Problem statement

https://leetcode.com/problems/two-sum-iv-input-is-a-bst/

Solution

Straightforward solution is just traverse our tree and use 1. Two Sum, where we can use hash table to have O(n) time/space complexity. Can we do better? For time - no, but what about space?

We can use the idea of problem 173 Binary Search Tree Iterator to avoid O(n) space. The idea is to use iterators next and prev, which can be written as one iterator get(node, dr), where dr is direction of traverse.

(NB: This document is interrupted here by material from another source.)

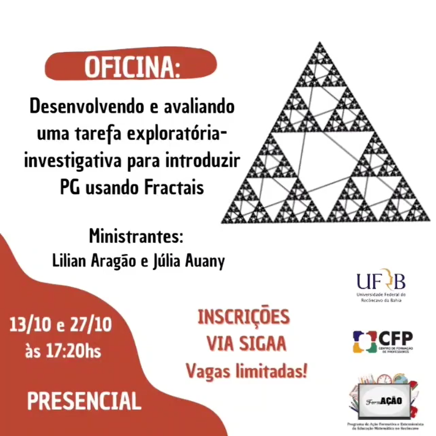 Esta oficina é uma ação do "FormAção: Programa de ação formativa e extensionista da Educação Matemática no Recôncavo" que fora perspectivada para a educação básica, considerando que o ensino de matemática no Ensino médio tem sido priorizado por meio de memorização a fórmulas e exercícios. Ao contrário disso, planejmanos essa oficina para vialibilizar um ensino mais exploratório e investigativo do conteúdo de Progressões Geométricas utilizando os fractais (refere-se a estruturas que apresentam padrões que podem ser analisados matematicamente). Antes de realizar essa oficina na escola básica, perscpetivamos aplicar com estudantes da graduação e professores da escola básica a fim de aprensentar e avaliar a proposta, bem como gerar reflexões téricas e práticas. Nessa linha, espera-se que essa oficina apresente uma maneira de ensinar, mas também inspire os participantes a desenvolverem tarefas dessa natureza em suas aulas de matemática.

Then we start with root, find next and previous elements in inorder traversal, which are the smallest and the biggest elements and use usual 2sum logic with two pointers.

Comlexity

Time complexity is O(n), space complexity is O(h) for implicit recursion stack of our iterators.

Code

class Solution:
    def findTarget(self, root: TreeNode, k):
        def get(node, dr):
            if not node: return
            first, last = (node.left, node.right)[::dr]
            yield from get(first, dr)
            yield node.val
            yield from get(last, dr)
        
        head, tail = get(root, 1), get(root, -1)
        n1, n2 = next(head), next(tail)
        while n1 < n2:
            if n1 + n2 < k: n1 = next(head)
            elif n1 + n2 > k: n2 = next(tail)
            else: return True